Historically, the most obvious fall seasonal release is Oktoberfest. A perfect transition beer for the shift from summer to autumn, this style is a lager, but with more malt and fuller in body. In general, I tend to recommend the German versions of this amber lager over our own home grown options mainly due to tradition. Paulaner is a favorite German-brewed selection, as is Hacker-Pschorr, but you won’t be faulted and can’t go wrong with the Oktoberfest from Great Lakes.

In more recent times, and increasingly every year, pumpkin ales are a definite signifier that fall is upon us. Maybe more than any other style, the popularity of pumpkin beer outshines even the reach of craft beer itself. Beyond the notion of numerous different faux-craft versions of pumpkin beer that clog shelves, this seems to be a style that everyone from macro lager drinkers to wine snobs will take up and enjoy.

Being almost exclusively an American only style, you won’t have to compare with examples from overseas. My two favorites for this year are Punk’n Harvest Ale from Uinta Brewing Co. and Fall Hornin’ from Anderson Valley. While both beers give a taste of pumpkin along with cinnamon and ginger flavors, Punk’n is very subtle and easy going, where Hornin’ is rich, robust, and not sweet but fall flavorful indeed.

A fall trend for the tongue abusers has seen the release of fresh hop beers, those IPAs, pale ales and the rare amber which make use of just harvested hops. Comparing non-harvest ales to fresh or wet hop beers is much like making a meal with dried herbs from a shaker versus living herbs from the garden; the flavors are similar but worlds apart.

My first introduction to these juicy and obviously fresh-tasting beers was with the Sierra Nevada Harvest IPA series, which is still fantastic. The most recent favorite is actually a pale ale, Fresh Hop from Great Divide.
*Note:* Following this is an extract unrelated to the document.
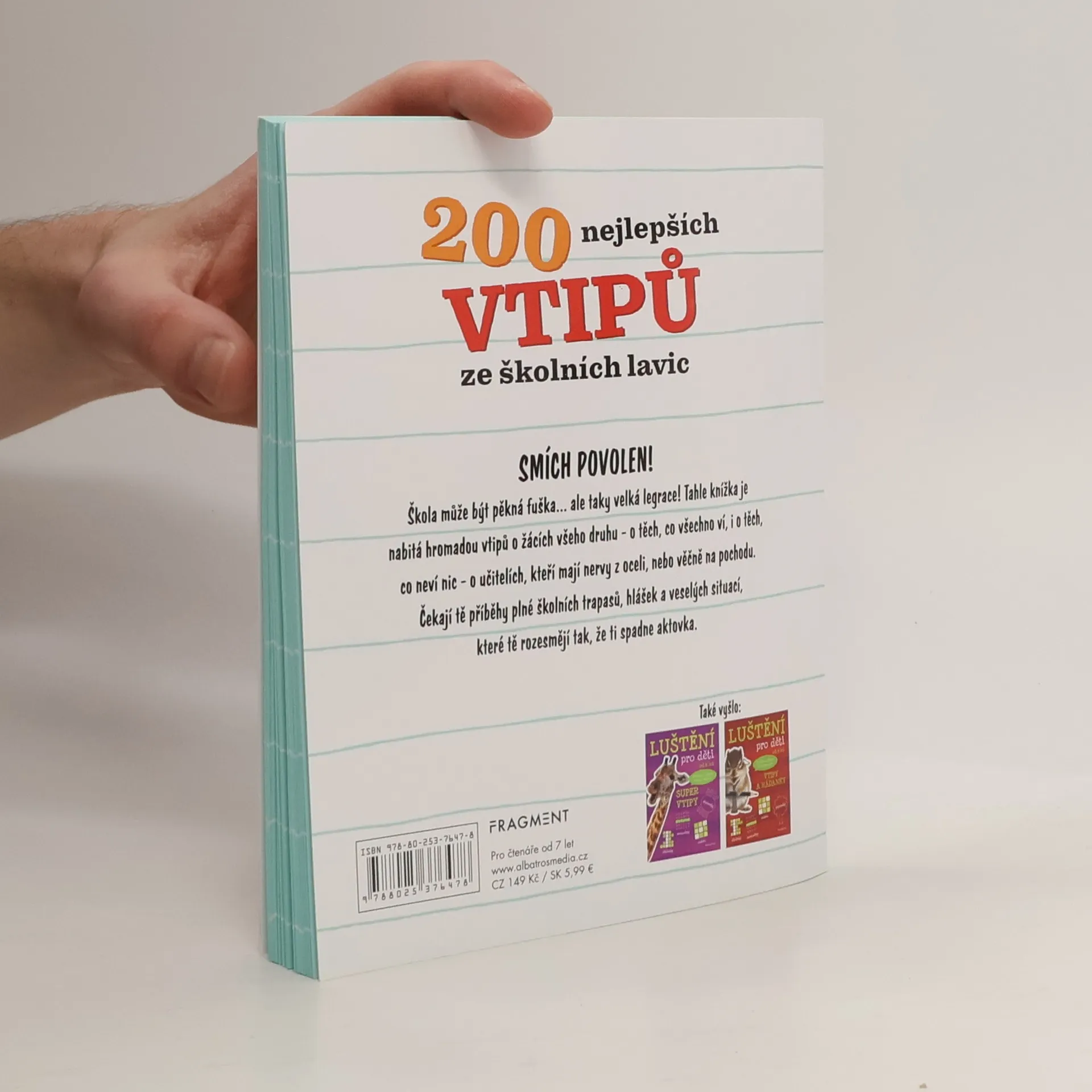 Škola může být pěkná fuška… ale taky velká legrace! Tahle knížka je nabitá hromadou vtipů o žácích všeho druhu – o těch, co všechno ví, i o těch, co neví nic – o učitelích, kteří mají nervy z oceli, nebo věčně na pochodu. Čekají tě školní trapasy, hlášky a veselé situace, které tě rozesmějí tak, že ti spadne aktovka.

Citrus like you wouldn’t believe, oozing juicy sips of bright deliciousness, this beer offers enough malt to keep it from becoming puckering and keeping those pungent hop cones in check.

There are certainly other styles of beer that may be released in September and October, but in any case we have now begun what I think of as the true beer fan’s best time of year – release season.  Enjoy the brews … Cheers.